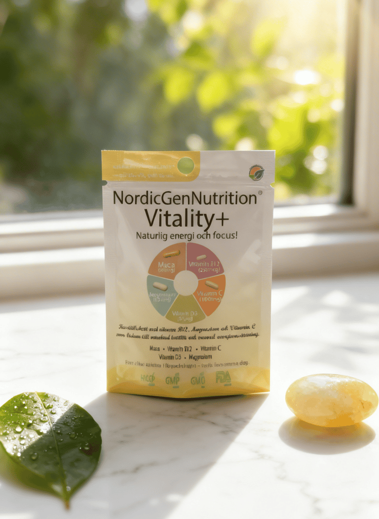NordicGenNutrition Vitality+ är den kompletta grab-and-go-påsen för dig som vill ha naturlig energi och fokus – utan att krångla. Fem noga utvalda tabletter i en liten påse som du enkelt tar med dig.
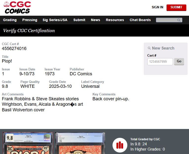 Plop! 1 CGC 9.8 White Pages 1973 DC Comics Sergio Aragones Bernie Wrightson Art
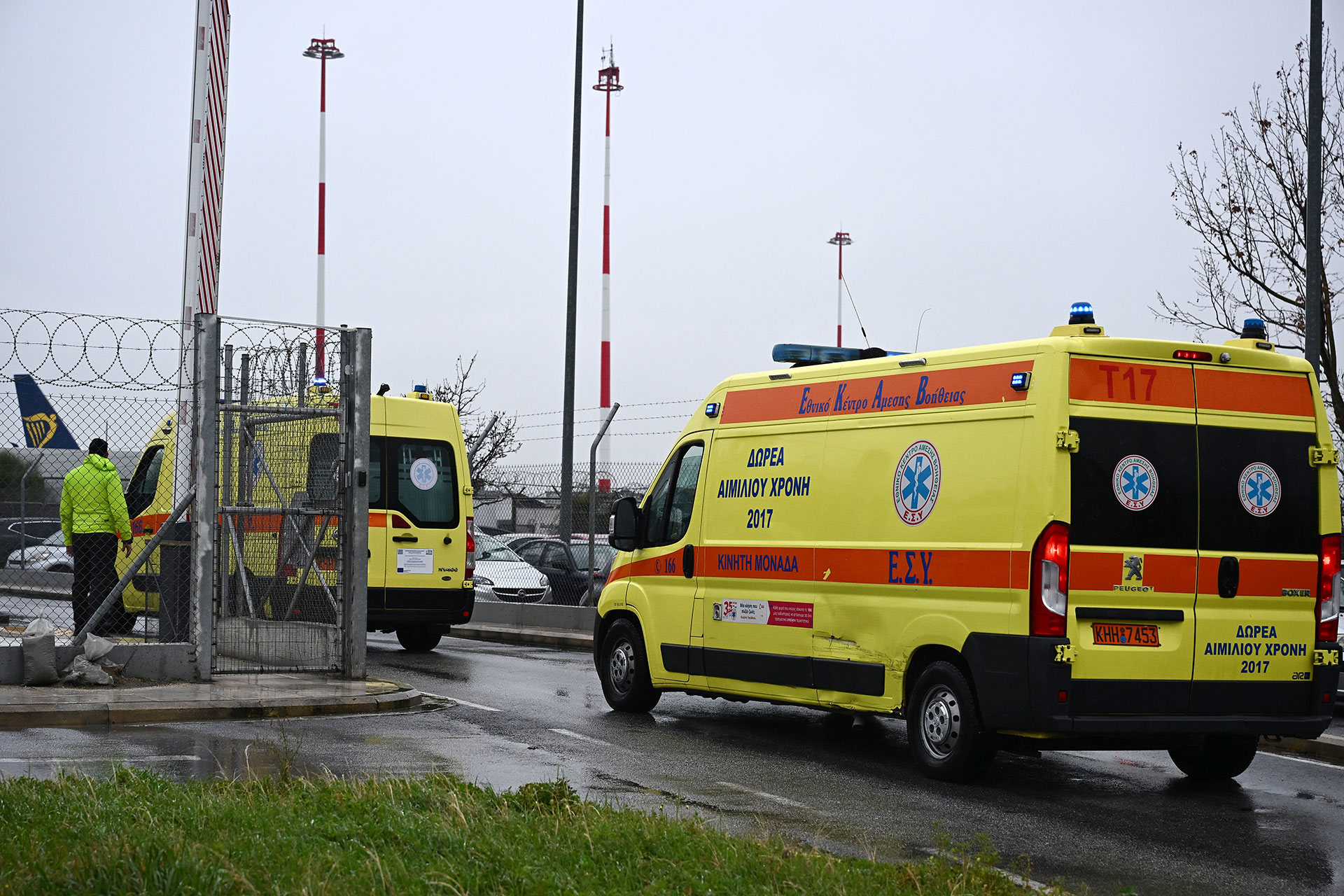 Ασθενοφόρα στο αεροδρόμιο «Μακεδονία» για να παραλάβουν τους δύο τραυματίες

**Brief:** The listing above must be restated word for word. Its pictures are to be left out.

**Response area:**
NordicGenNutrition Vitality+ är den kompletta grab-and-go-påsen för dig som vill ha naturlig energi och fokus – utan att krångla. Fem noga utvalda tabletter i en liten påse som du enkelt tar med dig.
 Plop! 1 CGC 9.8 White Pages 1973 DC Comics Sergio Aragones Bernie Wrightson Art
 Ασθενοφόρα στο αεροδρόμιο «Μακεδονία» για να παραλάβουν τους δύο τραυματίες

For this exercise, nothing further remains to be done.